Steve Cockburn, Amnesty International’s leader of economic and social justice, is calling on Fifa to provide clear guidance for hosts to adhere to its human rights policies. Cockburn also urges Fifa to be willing to suspend the bidding process if significant human rights concerns are not effectively resolved.

The Sports & Rights Alliance stated that FIFA has lost its ability to demand enforceable human rights promises from Saudi Arabia by awarding them the World Cup uncontested.

The Gulf nation declared that it had eliminated the kafala system, which binds workers to their employers. However, Knight insists that Fifa should require reliable assurances that this system has been completely abolished.

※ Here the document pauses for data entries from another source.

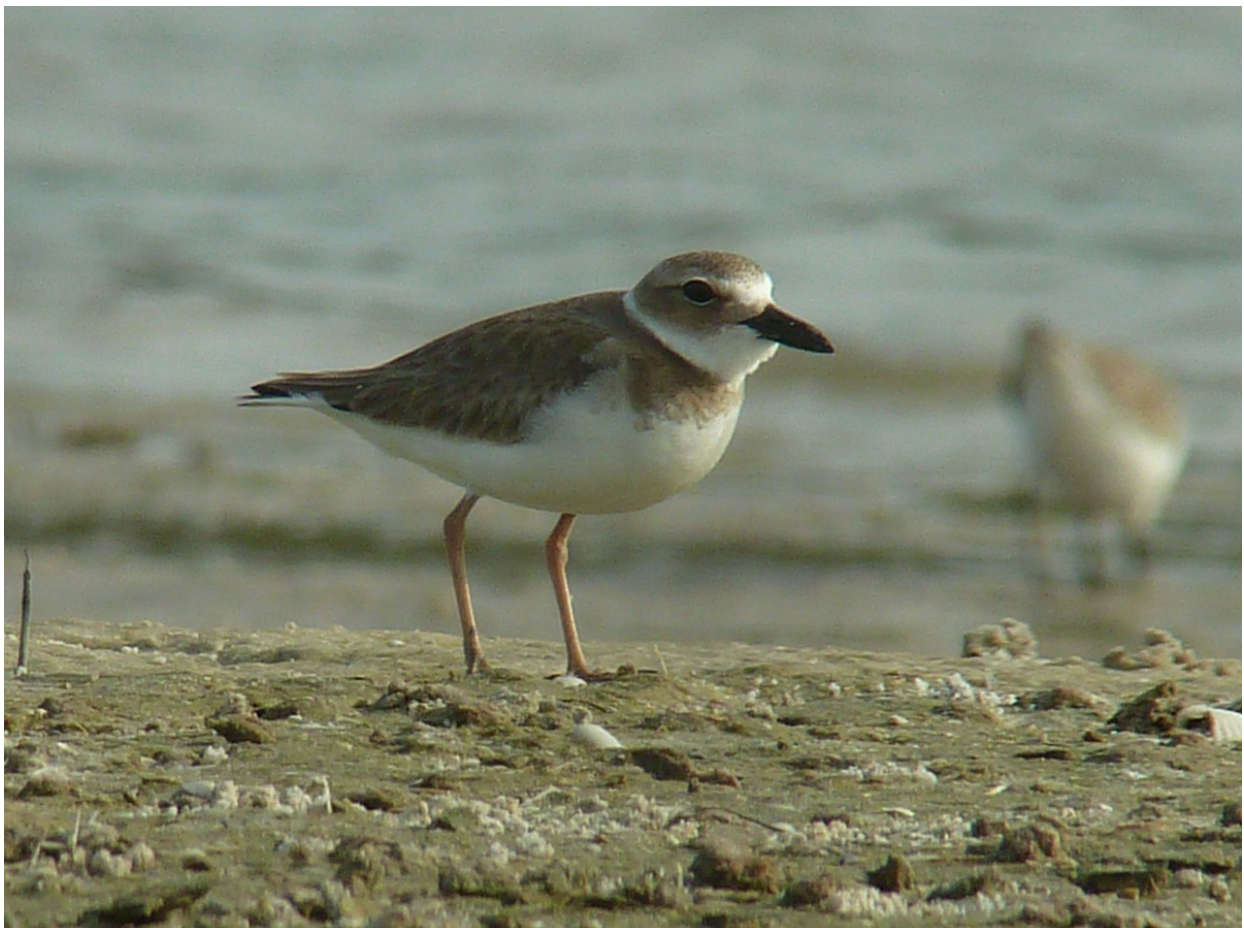
Wilsonstrandpipare, Tigertail Beach 3/1.
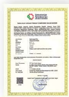
Sertifikat TKDN PIPA PVC
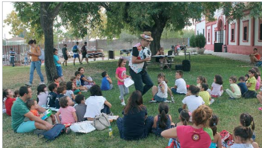
El ‘Cuentacuentos’ de la Biblioteca de la Hacienda Santa Cruz, un clásico.

Además, la oferta se complementa con visitas al edificio, gymkhanas, sesiones de leyendas urbanas y talleres de lectura
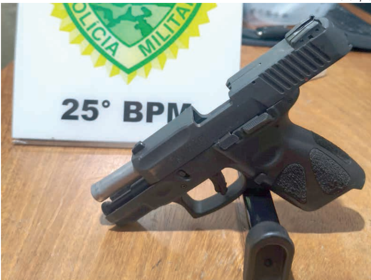
SUSPEITO foi encontrado em caminhonete no Jardim San Martin com sinais de embriaguez e arma posicionada entre as pernas
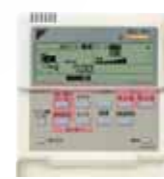
簡単コントローラー
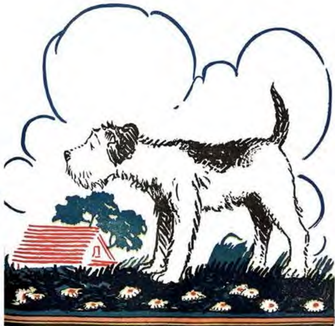
לבטי יש עגלה קטנה.
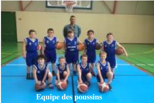
Equipe des poussins
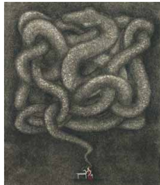
► SLIKA 4: S projektom avtorica približa Cankarjevo delo sodobnemu bralcu z enigmatično in likovno sugestivno ilustracijo. S klasičnimi (analognimi) tehnikami izrazi sodobni pogled na besedilo. Dora Kaštrun, Ilustracija besedila: Ivan Cankar, Bela krizantema . UL ALUO, Oddelek za oblikovanje, smer ilustracija, 2018.

Vsekakor je pred nami vsi zahtevna in odgovorna naloga, saj vizualno sporočanje prepleta našo družbo, oblikuje naše misli in naše delovanje. Verjetno bo v prihodnje uspešen posameznik (in družba) tisti, ki bo imel razvito kritično vizualno mišljenje, utemeljeno tudi na vizualni izobrazbi.
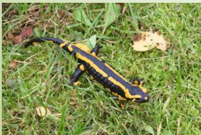
Salamandre (O. Duval)
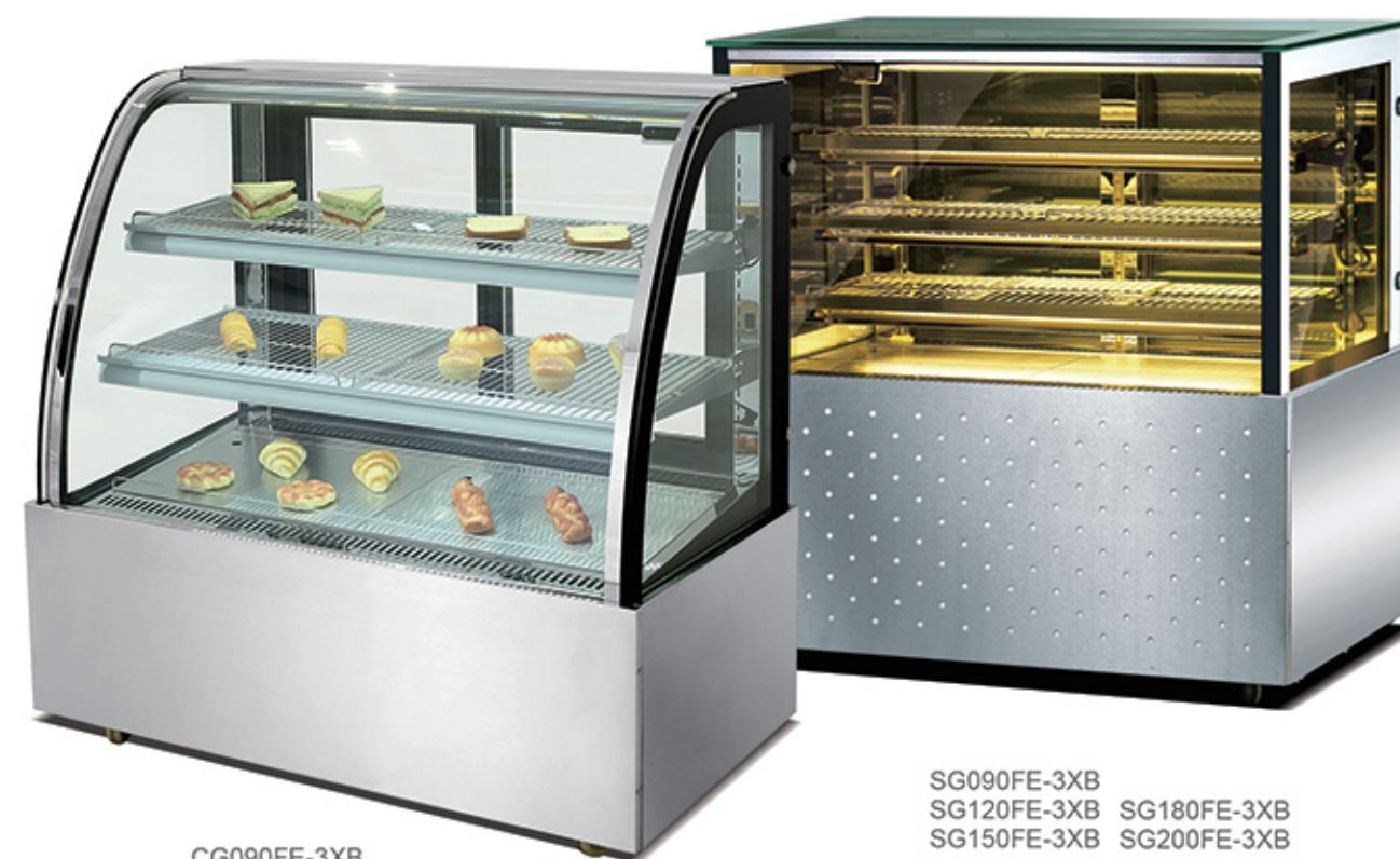
CG090FE-3XB CG120FE-3XB CG150FE-3XB CG180FE-3XB

The Ministry of Human Resources and Social Development in Saudi Arabia issued a statement detailing the advancements made in workers’ rights in recent years. These include the elimination of the kafala system, implementation of a wage protection system, and efforts to regulate the recruitment of migrant workers.

The statement affirmed our dedication to making continuous advancements in labor practices and our tireless efforts to protect the well-being and rights of all workers in the kingdom.

The statement also claims that they have strong regulations and standards in place to protect workers’ rights and that they thoroughly investigate all workplace incidents. They also state that in cases where deaths occur, they handle them according to international standards and may conduct autopsies if necessary.

“Death certificates are issued transparently, adhering to ­established and regulated protocols. Suggestions of negligence or a lack of transparency in this regard are unfounded.”

Despite making several efforts, Fifa failed to reply to inquiries for a statement.